Division of General Pediatrics, Department of Pediatrics, Boston Children's Hospital, Boston, MA, USA.
Department of Pediatrics, Harvard Medical School, Boston, MA, USA.
J Natl Cancer Inst. 2022 Feb 7;114(2):235-244. doi: 10.1093/jnci/djab149.
Early initiation of breast cancer screening is recommended for high-risk women, including survivors of childhood cancer treated with chest radiation. Recent studies suggest that female survivors of childhood leukemia or sarcoma treated without chest radiation are also at elevated early onset breast cancer risk. However, the potential clinical benefits and cost-effectiveness of early breast cancer screening among these women are uncertain.
Using data from the Childhood Cancer Survivor Study, we adapted 2 Cancer Intervention and Surveillance Modeling Network simulation models to reflect the elevated risks of breast cancer and competing mortality among leukemia and sarcoma survivors. Costs and utility weights were based on published studies and databases. Outcomes included breast cancer deaths averted, false-positive screening results, benign biopsies, and incremental cost-effectiveness ratios.
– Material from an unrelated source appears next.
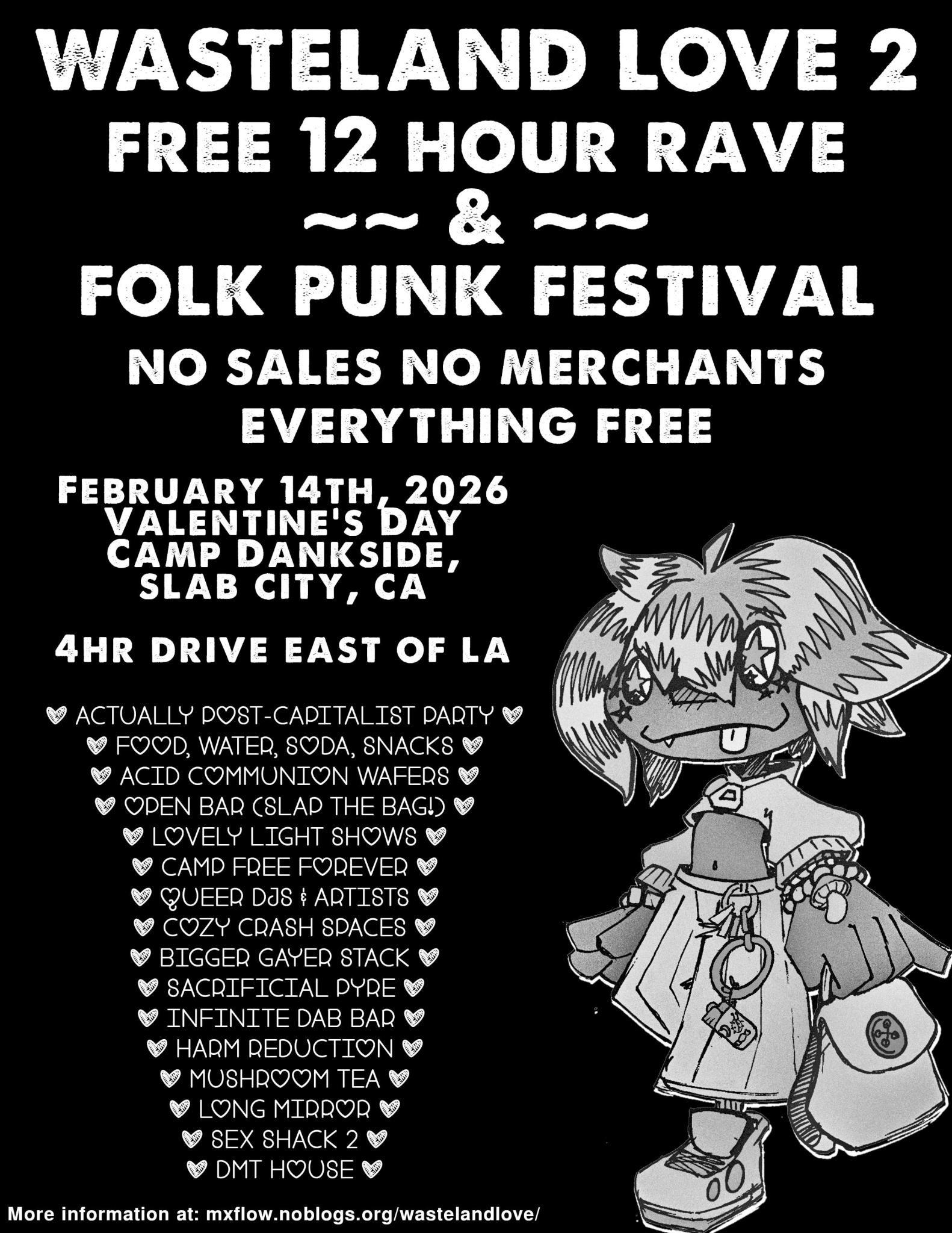 We are attempting to organize carpools from Los Angeles, if you’re driving out and have room in your car or need a ride, please reach out over Instagram or by email: mx.flow1312@proton.me. Busses go to Brawley regularly, infrequent bus stops in Niland. Slab City is a 30-60 minute walk from Niland with easy hitching! 4 Hour drive from Los Angeles, 5 hours from Phoenix, mostly highways, no off-roading required. Freight train yard nearby but very hard to hitch in from, easier to hop out (although a bus to Yuma is easier if you’re train riding anyway). Significant bike tour doable for the fit and experienced.

In the absence of screening, the lifetime risk of dying from breast cancer among survivors was 6.8% to 7.0% across models. Early initiation of annual mammography with breast magnetic resonance imaging screening between ages 25 and 40 years would avert 52.6% to 64.3% of breast cancer deaths. When costs and quality-of-life impacts were considered, screening starting at age 40 years was the only strategy with an incremental cost-effectiveness ratio below the $100 000 per quality-adjusted life-year (QALY) gained cost-effectiveness threshold ($27 680 to $44 380 per QALY gained across models).
Among survivors of childhood leukemia or sarcoma, early initiation of breast cancer screening at age 40 years may reduce breast cancer deaths by half and is cost-effective. These findings could help inform screening guidelines for survivors treated without chest radiation.
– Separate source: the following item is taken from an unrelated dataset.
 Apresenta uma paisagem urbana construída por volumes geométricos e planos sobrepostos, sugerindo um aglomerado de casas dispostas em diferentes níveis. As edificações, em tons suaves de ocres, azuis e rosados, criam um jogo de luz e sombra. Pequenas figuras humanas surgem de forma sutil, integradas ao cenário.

建议对高危女性进行早期乳腺癌筛查,包括接受胸部放疗的儿童癌症幸存者。最近的研究表明,未接受胸部放疗的儿童白血病或肉瘤幸存者也存在早期乳腺癌发病风险增加的情况。然而,这些女性进行早期乳腺癌筛查的潜在临床获益和成本效益尚不确定。
利用来自儿童癌症幸存者研究的数据,我们改编了 2 个癌症干预和监测建模网络模拟模型,以反映白血病和肉瘤幸存者乳腺癌风险升高和竞争死亡的情况。成本和效用权重基于已发表的研究和数据库。结果包括乳腺癌死亡人数减少、假阳性筛查结果、良性活检和增量成本效益比。
在不进行筛查的情况下,模型预测白血病和肉瘤幸存者一生中死于乳腺癌的风险为 6.8%至 7.0%。25 岁至 40 岁之间每年进行乳房 X 线照相术和乳房磁共振成像筛查可以避免 52.6%至 64.3%的乳腺癌死亡。当考虑成本和生活质量的影响时,从 40 岁开始进行筛查是唯一一种增量成本效益比低于每获得 1 个质量调整生命年(QALY)10 万美元(QALY 增量成本效益比在各模型中为 27680 美元至 44380 美元)的策略。
对于儿童白血病或肉瘤幸存者,从 40 岁开始进行早期乳腺癌筛查可以减少一半的乳腺癌死亡人数,并且具有成本效益。这些发现可能有助于为未接受胸部放疗的幸存者制定筛查指南。